Prove that a group of even order must have an element of order 2.

Step 1: Let $G$ be a group of even order, and let $|G|$ denote the order of $G$. By definition, the order of a group refers to the number of elements it contains.
Since $G$ has even order, we can write $|G|=2n$, where $n$ is a positive integer.
Step 2: Now, consider the set $S=\{g\in G:g\ne g^{-1}\}$. In other words, $S$ consists of all the elements of $G$ that are not equal to their own inverses.
Assume, for the sake of contradiction, that $S$ is empty. This would mean that every element in $G$ is its own inverse. Therefore, for any $g\in G$, we would have $g=g^{-1}$.
Next, let's consider the identity element $e$ of $G$. By the definition of an identity element, $e$ multiplied by any element $g\in G$ results in $g$ itself. Thus, $eg=g$.
Step 3: Now, since $G$ is a group, it follows that $g^{-1}\in G$ for any $g\in G$. Therefore, we can consider the product of an element and its inverse: $g{g}^{-1}$.
Using the fact that $g=g^{-1}$ for all $g\in G$ (assuming $S$ is empty), we can rewrite $g{g}^{-1}$ as $ge$.
This simplifies to $g$, since $ge=g$ for any $g\in G$.
Thus, we have shown that $g=g^{-1}$ for all $g\in G$, which contradicts the assumption that $S$ is empty.
Therefore, the set $S$ cannot be empty. Hence, there exists an element $h\in S$ such that $h\ne h^{-1}$.
Step 4: Since $h$ is not equal to its own inverse, we have $h^{-1}\ne h$. This means that the order of $h$ is greater than 1.
However, since $|G|=2n$, which is even, and $h$ has an order greater than 1, it follows that the order of $h$ must be even.
By Lagrange's theorem, the order of an element divides the order of the group. Since the order of $h$ is even and divides the order of $G$, it must be a divisor of $2n$.
The only possible divisors of $2n$ are 1, 2, $n$, and $2n$.
Since $h$ has an order greater than 1, we can conclude that the order of $h$ cannot be 1 or $2n$.
Therefore, the order of $h$ must be either 2 or $n$. However, since $h\ne h^{-1}$, it cannot have order $n$.
Hence, the order of $h$ must be 2. Therefore, we have proven that a group of even order must have an element of order 2.

To prove that a group of even order must have an element of order 2, we can proceed as follows:
Let $G$ be a group of even order.

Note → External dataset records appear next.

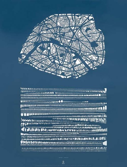 Armelle Caron joue avec les cartes, surtout celles des villes. En 2014, elle leur retire les mots et les couleurs. Elle garde les masses pour les ranger les unes en fonction des autres. Taille, format et circonférences pleines sont d’importance, rigueur et fantaisie de l’artiste aussi. Il y a Paris, il y a sa carte, et puis il y a « Paris rangé », comme un raccourci du bitume à la planche d’Armelle Caron. Les blocs de la ville de Paris se sont déployés sur plusieurs lignes à l’horizontale, les uns derrière les autres à une distance convenable pour que chacun se voie et se suive sans se toucher, sans se confondre. Paris est une file indienne, un tableau de formes, un étagement de quartiers. Au revoir la Seine, qui ne se dessinait qu’en creux de Paris, bonjour les entre-lignes, au revoir les rues et les impasses, Paris est partie se changer en feuille d’écriture, en code musical. Il y a des lignes pour les quartiers ténors et d’autres pour les picolos, il y a des segments de paragraphe pour les penchés et d’autres pour les tout-droit et les gros blocs-à-la-ligne. La sobriété annonce la poésie d’un jeu de géographe qui se plie à l’écriture… et ce coin de Barbès aux côtés d’un spécimen du XVIe ? Par ce rangement, chaque forme n’a peut-être pas perdu de sa charge référentielle mais en a dézingué son assise au réel. Ce bloc qui n’était qu’un référent, s’autonomise bien plus en ligne qu’avant, sur la carte striée de Paris. Entre Paris-tout-court et Paris-rangé, les blocs se sont déréférencés, une involution toute deleuzienne vers l’anorganique a eu lieu. « Paris rangé » est un nouvel organe avec un inédit code de lignes normées.
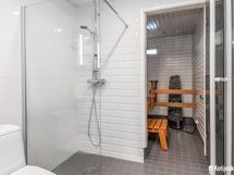 Kodista löytyy kolme eri kokoista makuuhuonetta, jotka soveltuvat hyvin eri elämäntilanteisiin. Yhdestä makuuhuoneesta on suora käynti takapihan terassille, josta pääsee kulkemaan talon ympäri. Myös varastotilan riittävyydestä on huolehdittu makuuhuoneiden tilavilla kaapistoilla, sekä sisäänkäynnin yhteydessä olevalla tilavalla lämpimällä ulkovarastolla ja erillisellä häkkivarastolla. Kylpy- ja saunaosaston katseenvangitsijana on ajattoman kauniit kaluste- ja laattavalinnat sekä näyttävät lasipinnat. Erillinen toinen wc lisää arjen toimivuutta.
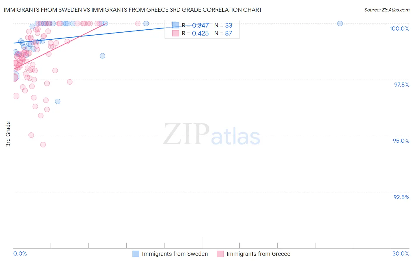 Immigrants from Sweden vs Immigrants from Greece 3rd Grade Correlation Chart
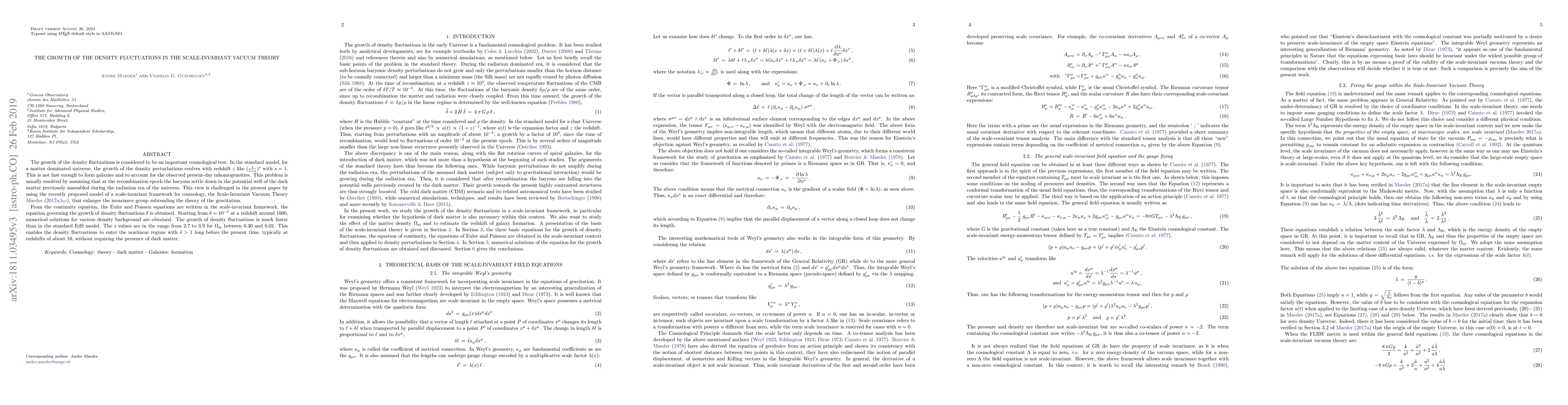 This paper challenges the standard model's assumption of dark matter's role in the growth of density fluctuations by proposing a scale-invariant cosmological framework. The model shows that density fluctuations grow much faster than in the standard model, entering the nonlinear regime much earlier without dark matter.

By the Lagrange's theorem, the order of any element in $G$ must divide the order of the group. Since the order of $G$ is even, it can be expressed as $|G|=2n$, where $n$ is a positive integer.
Now, suppose for contradiction that there exists no element in $G$ of order 2. That means, for every element $g$ in $G$, $|g|\ne 2$.
Consider the set $S=\{g,g^2:g\in G\}$. Since $|g|\ne 2$ for any $g$ in $G$, we can conclude that $|g^2|\ne 2$ as well. Therefore, each element in $S$ has order greater than 2.
Note that every element in $S$ is distinct. To see this, suppose $g^k=h^m$ for some $g,h\in G$ and positive integers $k$ and $m$. Then, raising both sides to the power of 2, we have $(g^k{)}^2=(h^m{)}^2$, which implies $g^{2k}=h^{2m}$. Since $g^{2k}$ and $h^{2m}$ have order greater than 2, we can conclude that $g^{2k}=h^{2m}$ if and only if $g^k=h^m$. Thus, the elements in $S$ are distinct.
Now, let's count the number of elements in $S$. Since $S$ consists of the elements $g$ and $g^2$ for every $g$ in $G$, we have $|S|=2|G|=4n$.
On the other hand, note that $S$ is a subset of $G$, and by Lagrange's theorem, the order of any subgroup of $G$ must divide the order of $G$. Therefore, the order of $S$ must divide $|G|$. However, we have $|S|=4n$, which does not divide $2n=|G|$. This leads to a contradiction.
Hence, our assumption that there exists no element of order 2 in $G$ is false. Therefore, a group of even order must have an element of order 2.